The DIA also is looking to leverage automation against cyber threats. “We used to worry about only nation-state actors,” Schaffer states. “Today, the threat environment has changed, and there’s many more people who are developing exploits and malware and Trojan horses.” Here, automation can help with “some of those normal, rudimentary, lower-level threats and allow us to focus our cybersecurity defensive postures on making sure our humans worry about those higher-level threats,” she stresses.
Schaffer admits, however, that it is a challenge to maintain advancements in a rapidly evolving technological environment. “We have to keep pace with the technology that’s being developed across the IT enterprise worldwide,” she emphasizes. “We need to make sure that we are able to bring in new technologies, adapt them to our user’s needs and continue to secure them at the level that’s required, so that our customers actually can use it painlessly and intuitively, and that the technology is adapted to their needs.”
To evaluate technologies, the DIA relies on several laboratories, as well as partnering with the industry.
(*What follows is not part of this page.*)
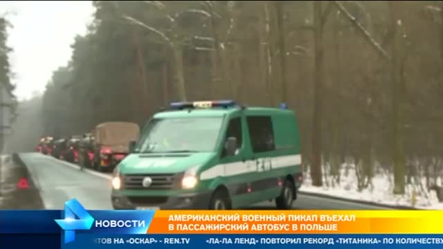 Американская армия - серьезная сила, и это факт, готова ответить на угрозу в любой точке земного шара. Вот только справиться с зимними польскими дорогами им оказалось не под силу. За минувшую неделю это уже вторая авария. Пикап армии США врезался в автобус, пострадали двое местных жителей. А ранее один из грузовиков, который вез снаряды для танков, занесло, он улетел в кювет - амуниция просто рассыпалась по трассе. Ее собирали почти сутки, полностью перекрыв движение.

The agency’s annual conference, DODIIS Worldwide—the 2019 event was held in Tampa, Florida, last month—“is primarily a venue that we get together across the government,” Schaffer explains. “But really it is to bring in our industry partners and be able to explain to them our upcoming challenges and what we need them to try to help us figure out for the future, so that we can make sure we’re keeping pace and meeting the needs at the same time.”
As for areas in which the commercial sector can assist the DIA’s CISO office, Schaffer points to the areas the DIA is currently working on: artificial intelligence, machine learning and automation. “We often look at ourselves as like a Fortune 50 company,” she states. “It’s just that our mission area is intelligence. But the same automation, artificial intelligence, machine learning that all of the big corporations are looking for help with … are the exact same things we’re looking for from industry, which is why the DIA finds it very important to have good relationships with our industry partners, because we leverage each other to actually move the nation forward in all of our endeavors, whether it be critical infrastructure or specifically the intelligence portion.”
The CISO/cyber chief reminds the industry that the intelligence community has slightly more unique requirements than the private sector, and that requires a balance. “We want to make sure we’re laying that out so the industry can address those requirements as well as commercial requirements,” she notes. “At the same time, we don’t want diverse baselines. We want to use the industry products, and they’re the greatest innovators.”
As for goals, the office of the CISO will continue to support the DIA chief information officer’s vision of being a preferred partner provider. “What we’re really focusing on over the next fiscal year is to make sure we are driving customer centricity into everything that we produce from a service point of view,” Schaffer shares. “We want to make sure that we can actually deliver data to the point of need for our consumers. We want to optimize our core missions … and we really want to equip our workforce to make sure that we’re continuing to increase their skill levels as well as bring in new government talent with the right skills to continue to move us forward.
“We will continue to need the great partnerships that we’re getting from our industry, and we need to make sure we’re continuing to provide those IT services, so we can make sure we’re meeting the intelligence needs [with which] we’ve been tasked,” she says.